The watch takes its name from a pocket watch in AP’s museum that at its time was the world’s most complicated timepiece. But to me, the RD#4 is destined to be one of horology’s most seismic achievements. At 42mm in diameter and just over 15mm in thickness, it’s about the same size as the classic Royal Oak Offshore created in 1993, so it’s extremely wearable and comfortable. Much of this has to do with the movement’s construction, which features the split-seconds mechanism recessed into the bearing assembly for the semi-peripheral rotor. It has built into it a safety mechanism that prevents you from making mistakes such as pulling out the crown when the watch is chiming, and has the most extraordinary and intuitive perpetual-calendar system I’ve ever used. To set it, you simply pull the crown out to position 2 to adjust the grande date backwards or forwards. You set the day of the week with the WD pusher on the left side. You turn the pusher at four o’clock to set the month backwards or forwards, and the two-digit year indicator will follow backwards and forwards as well. Another pusher on the left sets the moonphase.

In white gold with black galvanic dial
In white gold with openworked dial
In white gold with opaline beige dial
In pink gold with openworked dial

I cannot overstate how incredibly easy it is to set all the indications. To set the sonnerie to grande, petite or silent, you simply turn the pusher at two o’clock. The flyback split-seconds chronograph is operated with the two pushers and the split button recessed into the crown. Interestingly, APR&P’s old coiled reset lever spring has been replaced with a traditional spring bar. There is no need for an isolator because the underlying torque of the movement is adequate to overcome any potential rattrapante drag (drop in amplitude when the split-seconds brake is deployed).

On the subject of power, I asked Papi, “What if it’s midnight at the end of the year, when all calendar information is changing and the grande sonnerie is striking, and I activate the split-seconds brake then?” His reply was, “Good question.
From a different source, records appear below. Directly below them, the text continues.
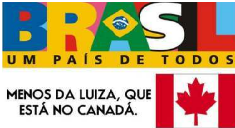
Figura 1: Exemplo de montagem viral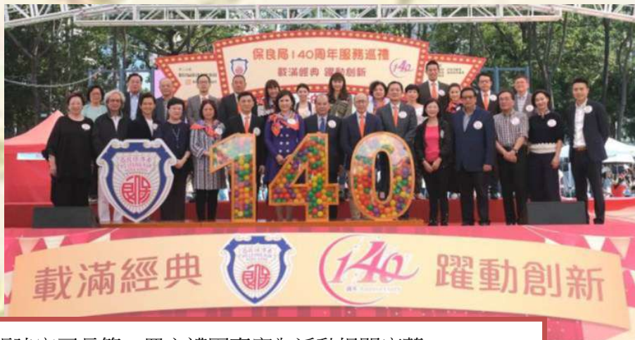
張建宗司長等一眾主禮團嘉賓為活動揭開序幕。

今年是保良局創局 140 周年。為隆重其事，保良局於 21/10/2018 匯聚轄下所有服務，在其服務發源地銅鑼灣舉辦「保良局 140 周年服務巡禮」，與全城同慶見證善業新里程。當日由政務司司長張建宗主禮揭開活動序幕，並透過不同的攤位遊戲和展覽，向公眾人士展現保良局的多元化服務。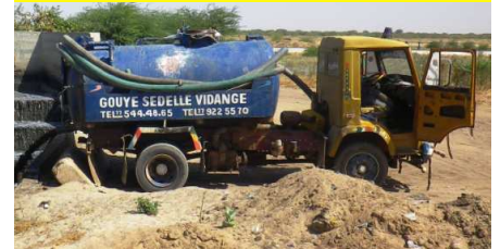
Dépotage d'eaux usées par un camion vidangeur privé dans la station de traitement de Saint-Louis

Associé au projet dès sa conception, l'ONAS a désormais officiellement rejoint les partenaires d'Acting par la signature d'une convention. Les équipes de l'ONAS participeront au suivi des études techniques et au contrôle des travaux, à la mise à jour du Plan Directeur d'Assainissement de Saint-Louis ou encore au renforcement des vidangeurs.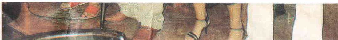
Público de Os Condes, durante una actuación de 'karaoke'.

El local también avanza con las nuevas tecnologías. En su página 'www.oscondes.com', disponen de una 'webcam' en vivo, que mediante el programa de reproducción RealOne, les permite emitir todas las actuaciones en directo, y no es ninguna sorpresa que les pidan canciones desde cualquier punto del planeta, desde Los Ángeles (Estados Unidos), Buenos Aires, Caracas o Uruguay, o desde la propia Península, como Alicante o Asturias, donde tienen muchos fans.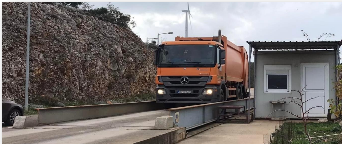
Slika 2. Elektronska vaga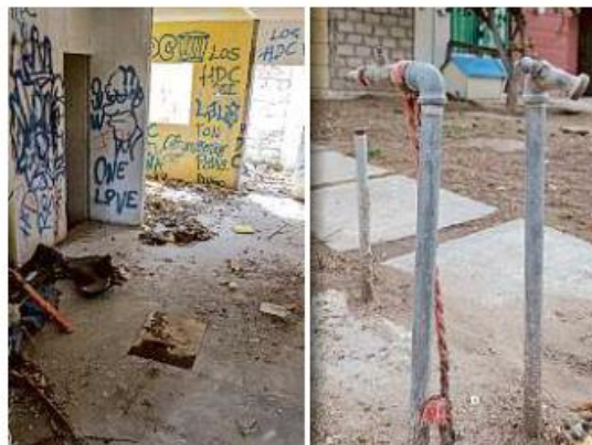
■ Vecinos de Lomas del Mirador buscan impedir que casas abandonadas sean guarida de delincuentes.

Como respuesta, los vecinos clausuran la toma de esos servicios y sellan las viviendas con el riesgo de ser sorprendidos por los legítimos propietarios.

The watch has sufficient power to ensure full operation of all functions even in that scenario. The secret is the high-amplitude flying tourbillon we brought over from the RD#3. A normal balance has an amplitude of 330 degrees. Here our balance has an amplitude of over 360 degrees. We accomplished this by designing a new escapement. The result is perfect stability even in this extreme scenario. The watch simply works”

“We decided on a grande sonnerie because this would allow us to use a pusher to activate the minute repeater instead of a slide,” added Papi. “This meant we could waterproof the button and the whole watch. Because of our Supersonnerie technology with our soundboard, even through the watch is water resistant to 20 meters, sound is not affected in any way. This is really a grande complication you can swim in and even play golf with, because we’ve optimized the stability and robustness of every detail.”

Olivia Crouan, AP’s Chief Brand Officer, says, “This is really the future for all complicated watches at Audemars Piguet. We want to continue to create the most extraordinary complications, but also have them be the most user-friendly, reliable and comfortable watches in the world.”

With the creation of the Code 11:59 Universelle, it appears that the Le Brassus manufacture is already well on the way to achieving this very admirable goal.